Although there have been fears among faculty that these debates have pitted Asian American and Black concerns against each other, neither interpersonal conflicts nor worries about scarce resources should prevent BC from committing to fully support all areas of ethnic studies. For her part, Gouveia said she saw no tension among student groups on these issues.

“Anyone who has experienced ethnic studies understands that there is nothing competitive about the narratives and histories of the major ethnicities that comprise the curricula of higher education and K-12,” said Dr. Kyle Kinoshita, an expert in K-12 educational leadership. “It is the opposite. Asian American studies powerfully reinforce and complement the stories of Black, Native and Latinx peoples in understanding how racism and White supremacy came into being, and how they ‘work’.”

A veteran of ethnic studies organizing as a student and a school district administrator, Kinoshita traced the local history of Asian American and Black solidarity organizing to the 1960s, citing leaders like Aki Kurose and Phil Hayasaka, as well as radical youth activists. Along with ethnic studies campaigns, both groups connected through struggles against housing segregation and gentrification.
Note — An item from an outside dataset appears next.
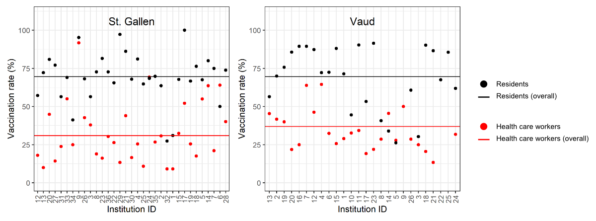While authorities imposed restrictive measures to mitigate the spread of SARS-CoV-2, such as restrictions on visits and social activities, evidence of their effectiveness remains limited. In most countries, including Switzerland, the vaccination of long-term care residents and their caring staff was among the COVID-19 vaccination campaign’s top priorities. However, in Switzerland, no systematic data on vaccination rates among residents or healthcare workers are available at an institutional or cantonal level.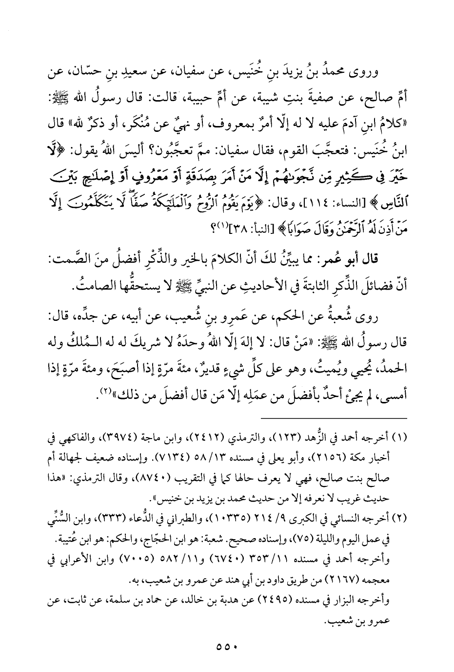 وروى محمدُ بنُ يزيدَ بنِ خُنَيس، عن سفيان، عن سعيدِ بنِ حسّان، عن أمِّ صالح، عن صفيةَ بنتِ شيبة، عن أمِّ حبيبة، قالت: قال رسولُ اللَّه -صلى اللَّه عليه وسلم-: "كلامُ ابنِ آدمَ عليه لا له إلّا أمرٌ بمعروف، أو نهيٌ عن مُنْكَر، أو ذكرٌ للَّه" قال ابنُ خُنَيس: فتعجَّبَ القوم، فقال سفيان: ممَّ تعجَّبُون؟ أليسَ اللَّهُ يقول: {لَا خَيْرَ فِي كَثِيرٍ مِنْ نَجْوَاهُمْ إِلَّا مَنْ أَمَرَ بِصَدَقَةٍ أَوْ مَعْرُوفٍ أَوْ إِصْلَاحٍ بَيْنَ النَّاسِ} [النساء: ١١٤]، وقال: {يَوْمَ يَقُومُ الرُّوحُ وَالْمَلَائِكَةُ صَفًّا لَا يَتَكَلَّمُونَ إِلَّا مَنْ أَذِنَ لَهُ الرَّحْمَنُ وَقَالَ صَوَابًا} [النبأ: ٣٨] (¬١)؟

Last year, Kinoshita helped the Seattle JACL organize an online series fighting anti-Blackness within the Japanese American community.

“Asian American studies is a powerful counter to anti-Blackness,” Kinoshita explained. “It is a part of the larger response Asian Americans must embrace in uprooting anti-Blackness and the ‘model minority’ narrative that supports it.”

Support for BIPOC communities’ concerns is not merely a matter of individuals’ identities. Appointing Gov. Locke as interim president didn’t constitute a reckoning with Bellevue’s anti-Asian past, and the historic nature of his political career doesn’t substitute for classes in Asian American history.

In the NW Asian Weekly article, Locke erroneously stated that no Asian American studies classes would be offered this fall at many local community colleges, or at the University of Washington. While he graciously acknowledged his mistake when corrected, the episode is a reminder that antiracist advocacy does not end when BIPOC leaders gain power—rather, diverse leadership is a means to ensure that community issues are addressed equitably.

Grier, the DEI administrator, was unequivocal about the school’s ongoing commitment to equity, asserting that “it is imperative that we continue to strive to do and be better and with a sense of urgency.” Although these controversies make rebuilding trust harder, it’s still true that Bellevue College could be a regional and national leader on Asian American issues. For now, Asian American communities will keep watching developments on the Eastside.